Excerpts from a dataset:
-.-.-

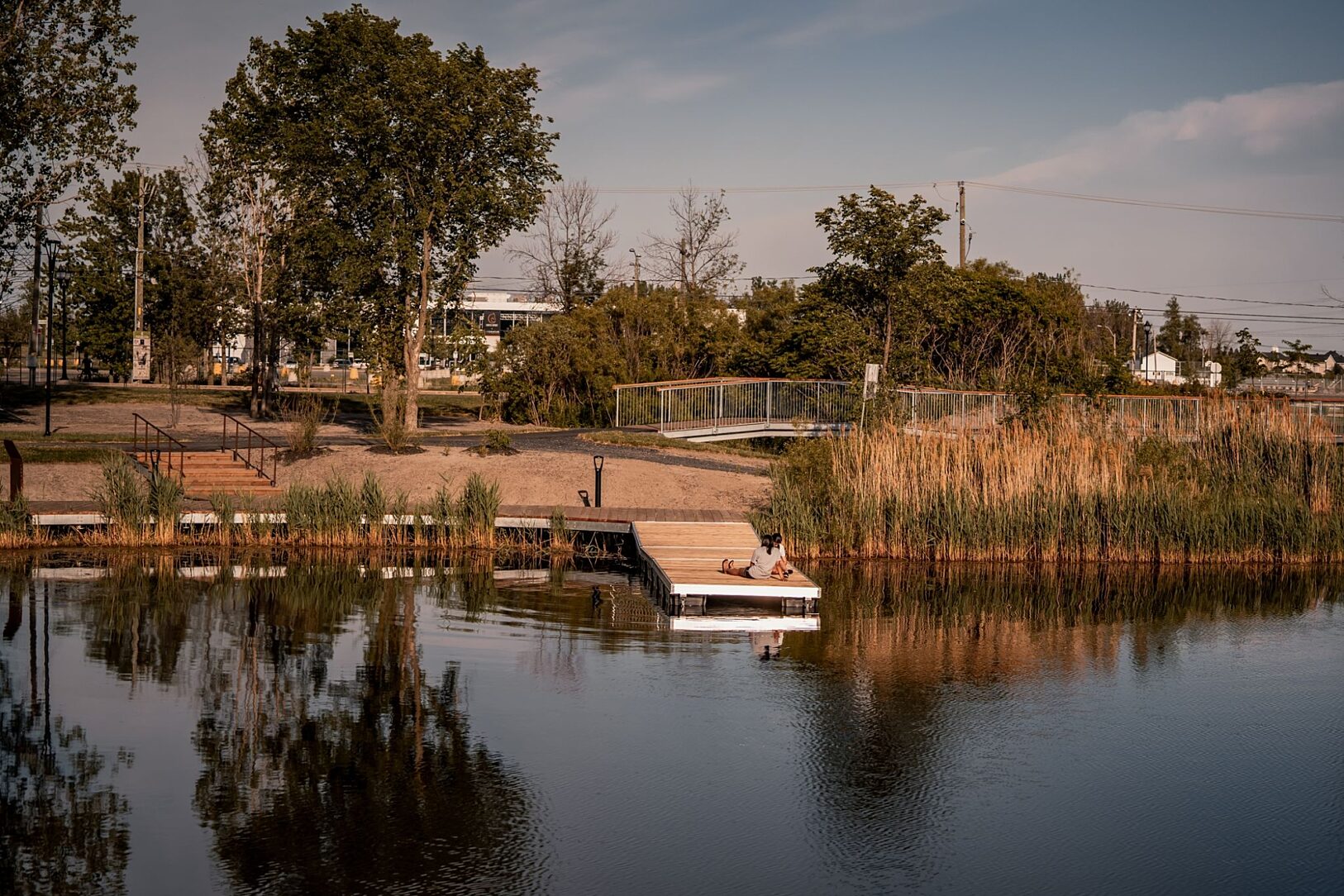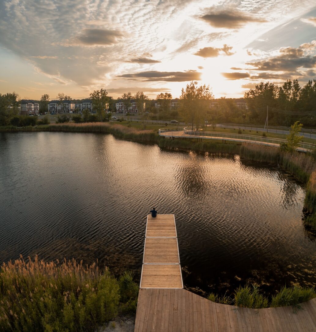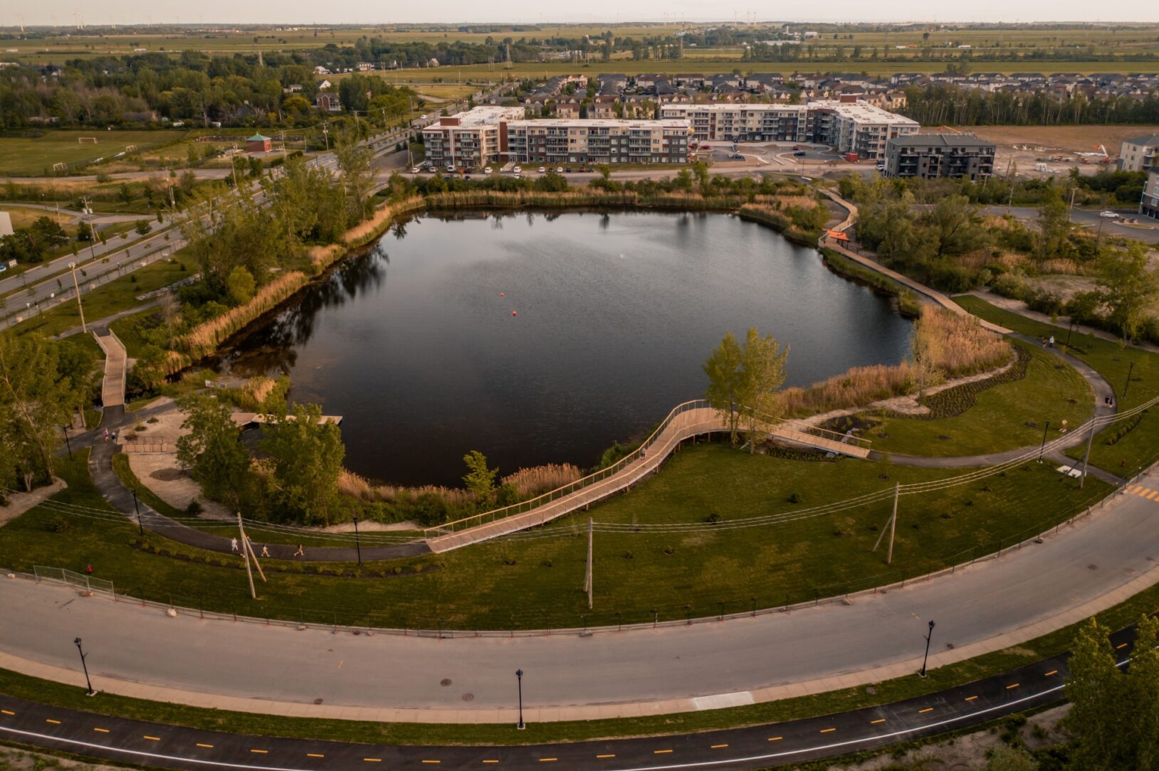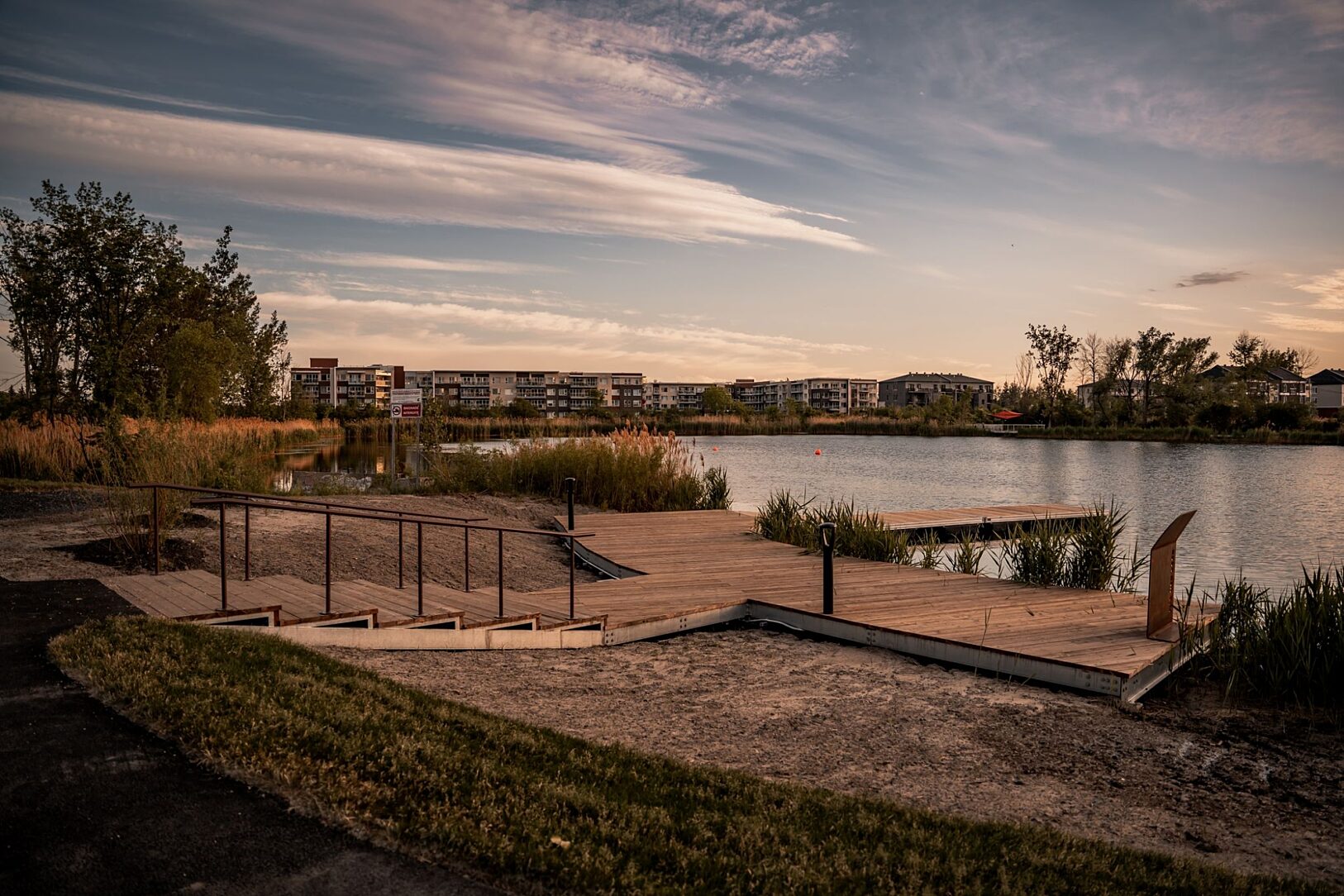 Fast forward several decades and a nearby commuter station bringing traffic free access to the Montreal metropolis has created an explosion of suburban housing development. Forward thinking planners resisted the idea to simply fill the quarry come lake and instead created a park around it. The final step in this greenspace plan was to build a pathway that circles the small lake allowing for pedestrians and joggers to have a safe and peaceful loop through the small park and around the lake.
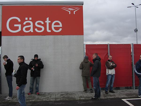 Wir machten einen kleinen Rundgang durch die Stadt und fragten einen Mainzer Fan (erkennbar an der Kappe) nach dem besten Weg ins Stadion, er bot uns an, ihn zu begleiten. Er war nett, war schon in den Siebzigern zu Oberligazeiten dabei, wir tauschten Geschichten aus, während wir zunächst in die Straßenbahn und am Bahnhof in die Busse stiegen, die Fahrt verlief gesittet und wir wanderten gemeinsam zum Stadion nah an der Uni. Am Eingang trennten sich unsere Wege, sowohl er als auch wir hatten nichts Gutes befürchtet, von daher dürfte vom Spiel wohl nichts zu erwarten sein.
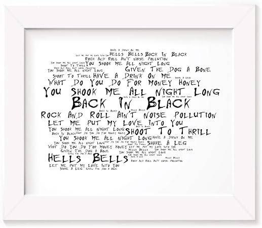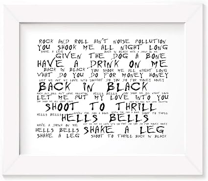 Acdc Poster Framed Gift Lyrics Print Back In Black Band Merchandise Album Art Amazon Co Uk Kitchen Home
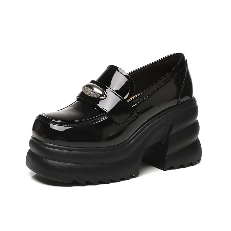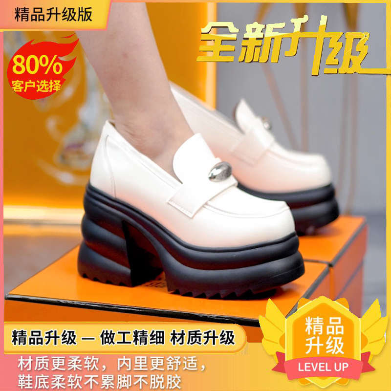 轻便百搭增高休闲小皮鞋 款 女2025秋季 9cm小个子一脚蹬厚底乐福鞋
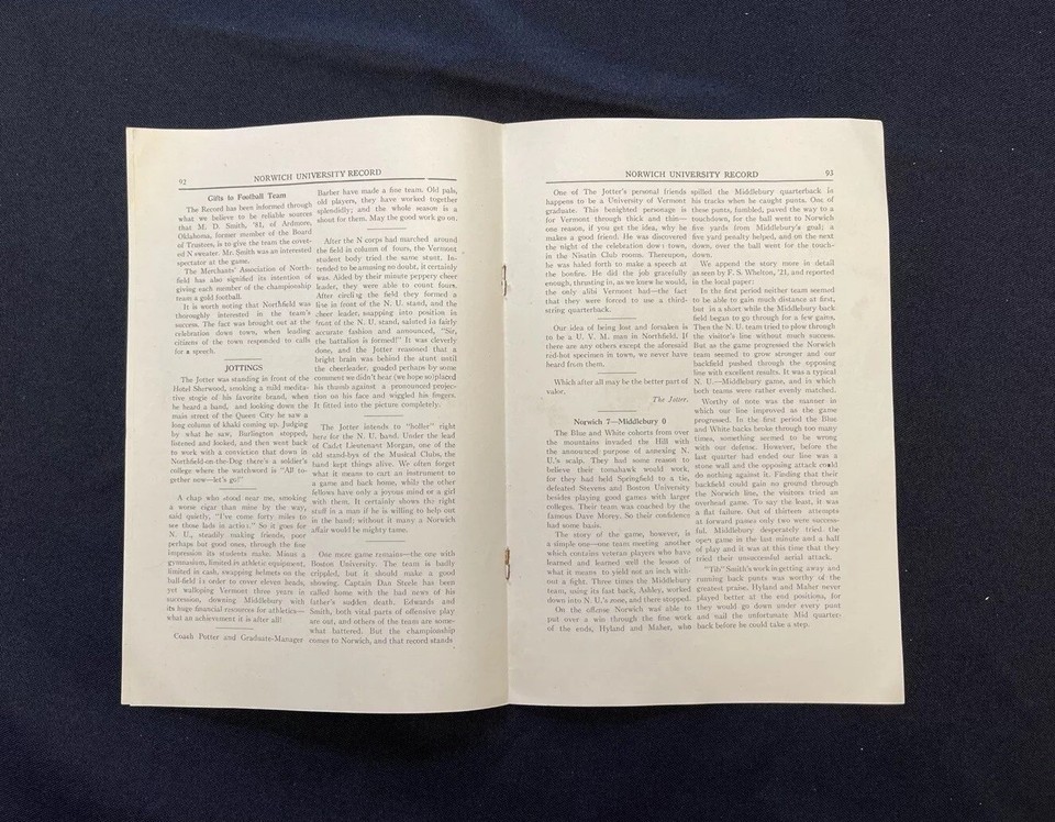 1920 Norwich University Record Northfield Vermont College Football
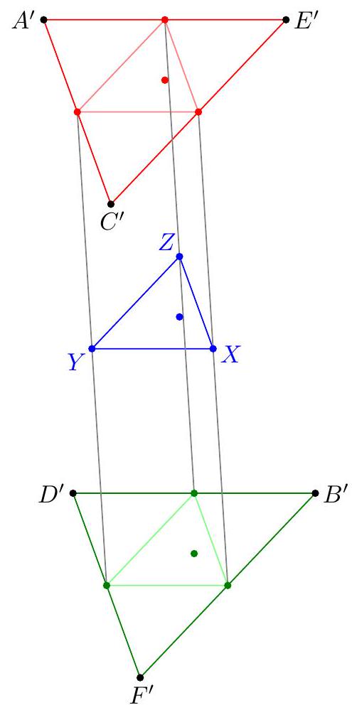 Let $A B C D E F$ be a convex hexagon satisfying $\overline{A B}\|\overline{D E}, \overline{B C}\| \overline{E F}, \overline{C D} \| \overline{F A}$, and $$ A B \cdot D E=B C \cdot E F=C D \cdot F A $$ Let $X, Y$, and $Z$ be the midpoints of $\overline{A D}, \overline{B E}$, and $\overline{C F}$. Prove that the circumcenter of $\triangle A C E$, the circumcenter of $\triangle B D F$, and the orthocenter of $\triangle X Y Z$ are collinear.
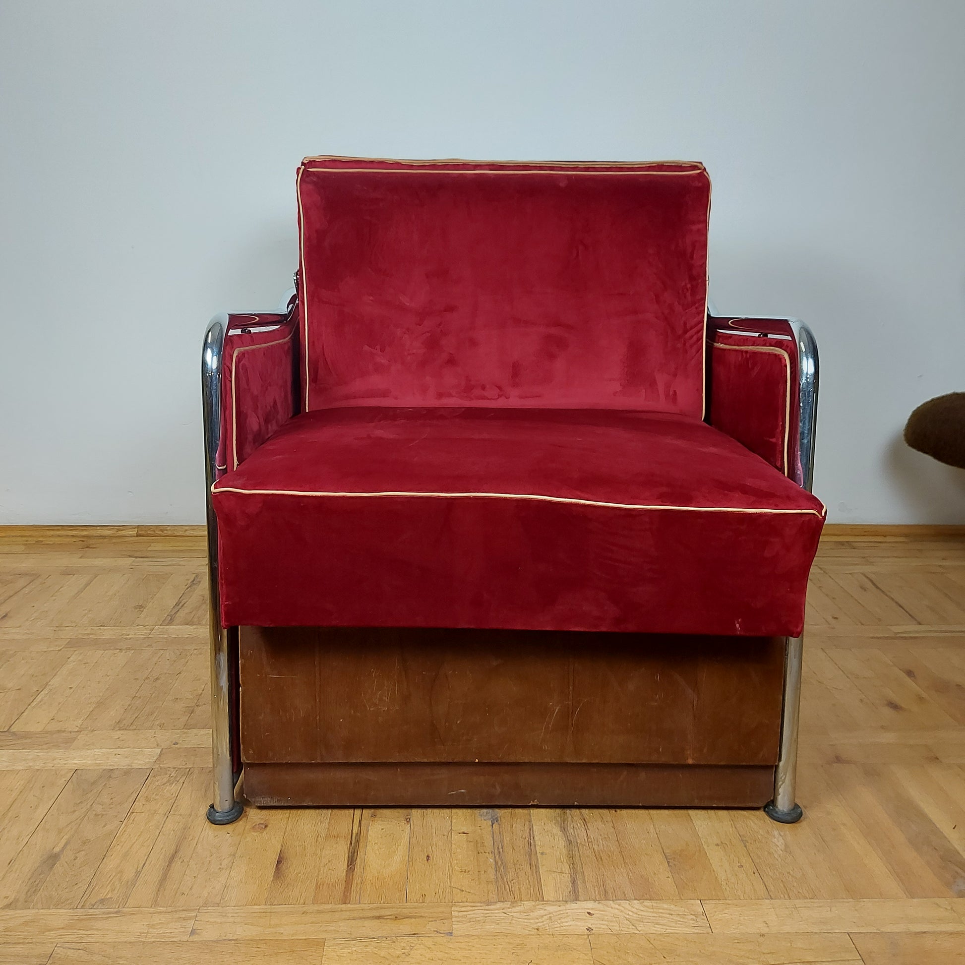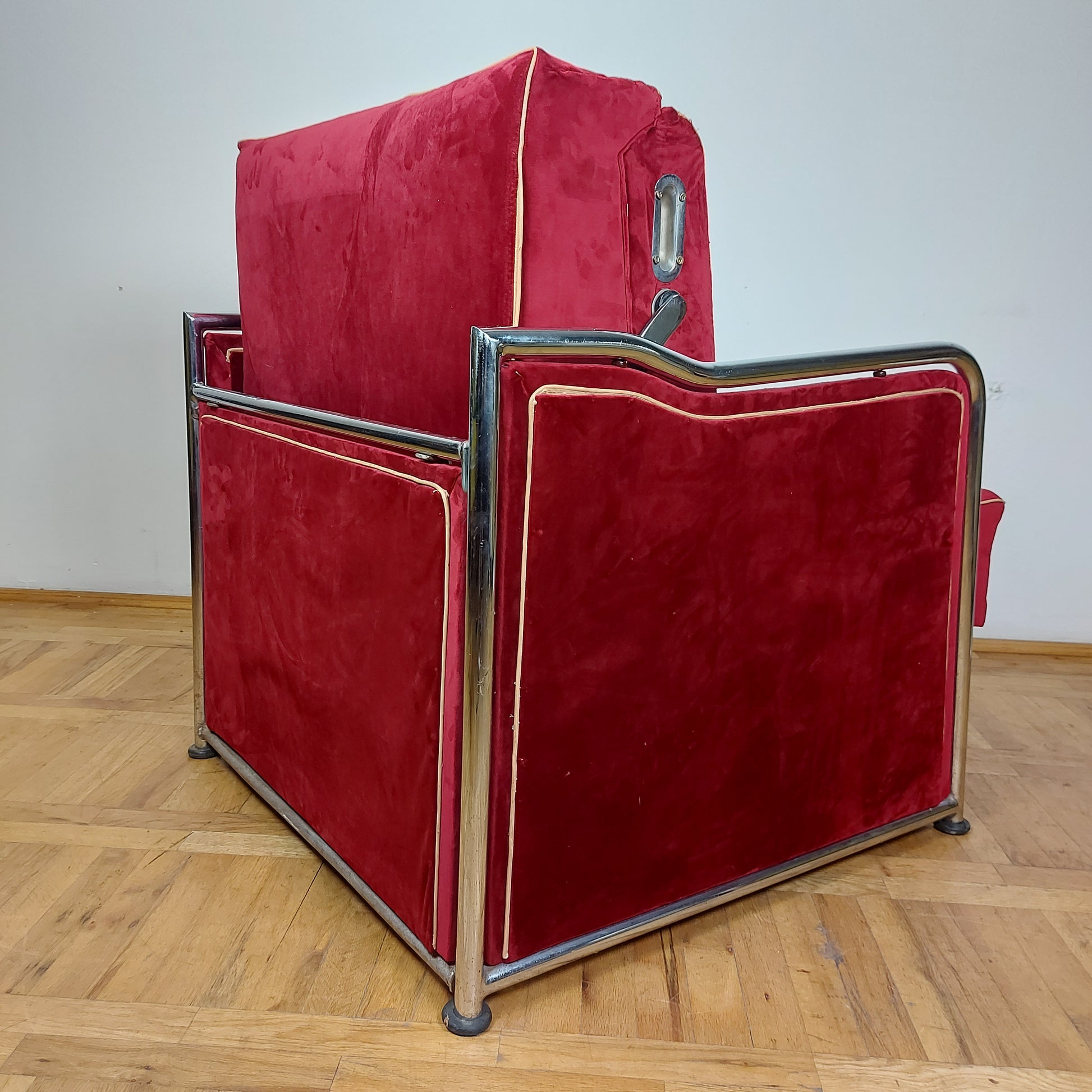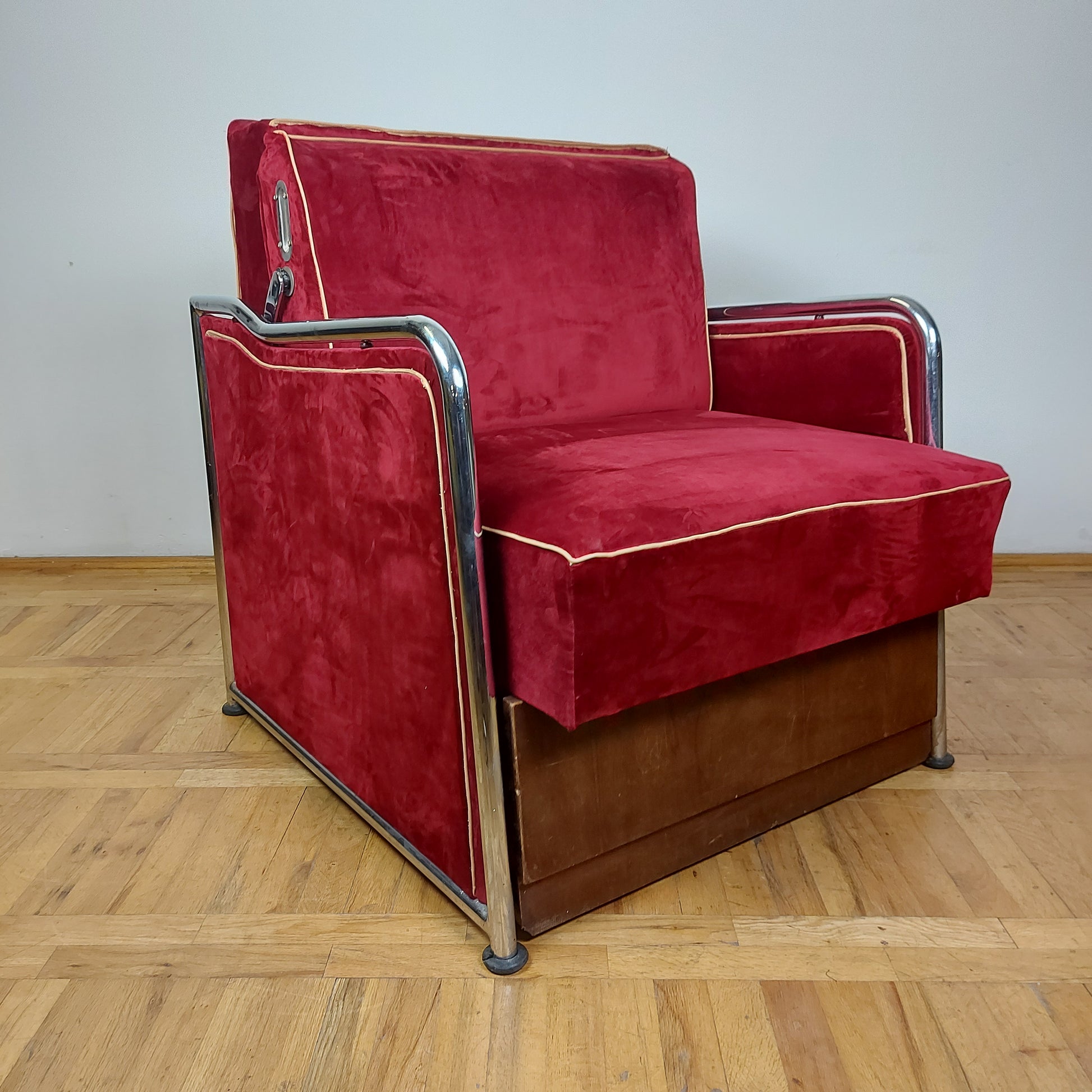 Designed by József Peresztegi in the 1960s, this innovative piece of Hungarian furniture transforms from a comfortable armchair into a single daybed in seconds. A clever and space-saving design, it combines functionality with vintage charm—ideal for modern interiors with a touch of mid-century style.
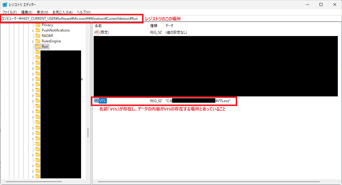 コンピューター\HKEY_CURRENT_USER\Software\Microsoft\Windows\CurrentVersion\Run
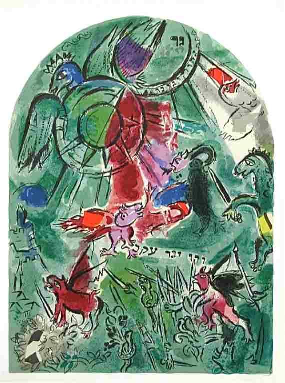 Marc Chagall "Tribe Of Gad" Jerusalem Windows Lithograph - Final Design For The "Jerusalem Windows" Series. Executed By Chagall In Preparation For His Famous Stained-Glass Windows For The Synagogue At The Hadassah-Hebrew University Medical Center In The Judaean Hills; A Different Composition Was Created For Each Of The Twelve Tribes Of Israel. Image Size: 11 5/8 X 8 1/2 Inches (295 X 215mm). The Lithography Was Done Under The Direction Of Marc Chagall And Printed By Mourlot In 1962. - Professionally Framed & Matted - Comes With Certificate - -

-.-.-

TASK ITEM:
Omit the pictures. Output every record above word for word.

OUTPUT OF THE TASK:
 Fast forward several decades and a nearby commuter station bringing traffic free access to the Montreal metropolis has created an explosion of suburban housing development. Forward thinking planners resisted the idea to simply fill the quarry come lake and instead created a park around it. The final step in this greenspace plan was to build a pathway that circles the small lake allowing for pedestrians and joggers to have a safe and peaceful loop through the small park and around the lake.
 Wir machten einen kleinen Rundgang durch die Stadt und fragten einen Mainzer Fan (erkennbar an der Kappe) nach dem besten Weg ins Stadion, er bot uns an, ihn zu begleiten. Er war nett, war schon in den Siebzigern zu Oberligazeiten dabei, wir tauschten Geschichten aus, während wir zunächst in die Straßenbahn und am Bahnhof in die Busse stiegen, die Fahrt verlief gesittet und wir wanderten gemeinsam zum Stadion nah an der Uni. Am Eingang trennten sich unsere Wege, sowohl er als auch wir hatten nichts Gutes befürchtet, von daher dürfte vom Spiel wohl nichts zu erwarten sein.
 Acdc Poster Framed Gift Lyrics Print Back In Black Band Merchandise Album Art Amazon Co Uk Kitchen Home
 轻便百搭增高休闲小皮鞋 款 女2025秋季 9cm小个子一脚蹬厚底乐福鞋
 1920 Norwich University Record Northfield Vermont College Football
 Let $A B C D E F$ be a convex hexagon satisfying $\overline{A B}\|\overline{D E}, \overline{B C}\| \overline{E F}, \overline{C D} \| \overline{F A}$, and $$ A B \cdot D E=B C \cdot E F=C D \cdot F A $$ Let $X, Y$, and $Z$ be the midpoints of $\overline{A D}, \overline{B E}$, and $\overline{C F}$. Prove that the circumcenter of $\triangle A C E$, the circumcenter of $\triangle B D F$, and the orthocenter of $\triangle X Y Z$ are collinear.
 Designed by József Peresztegi in the 1960s, this innovative piece of Hungarian furniture transforms from a comfortable armchair into a single daybed in seconds. A clever and space-saving design, it combines functionality with vintage charm—ideal for modern interiors with a touch of mid-century style.
 コンピューター\HKEY_CURRENT_USER\Software\Microsoft\Windows\CurrentVersion\Run
 Marc Chagall "Tribe Of Gad" Jerusalem Windows Lithograph - Final Design For The "Jerusalem Windows" Series. Executed By Chagall In Preparation For His Famous Stained-Glass Windows For The Synagogue At The Hadassah-Hebrew University Medical Center In The Judaean Hills; A Different Composition Was Created For Each Of The Twelve Tribes Of Israel. Image Size: 11 5/8 X 8 1/2 Inches (295 X 215mm). The Lithography Was Done Under The Direction Of Marc Chagall And Printed By Mourlot In 1962. - Professionally Framed & Matted - Comes With Certificate - -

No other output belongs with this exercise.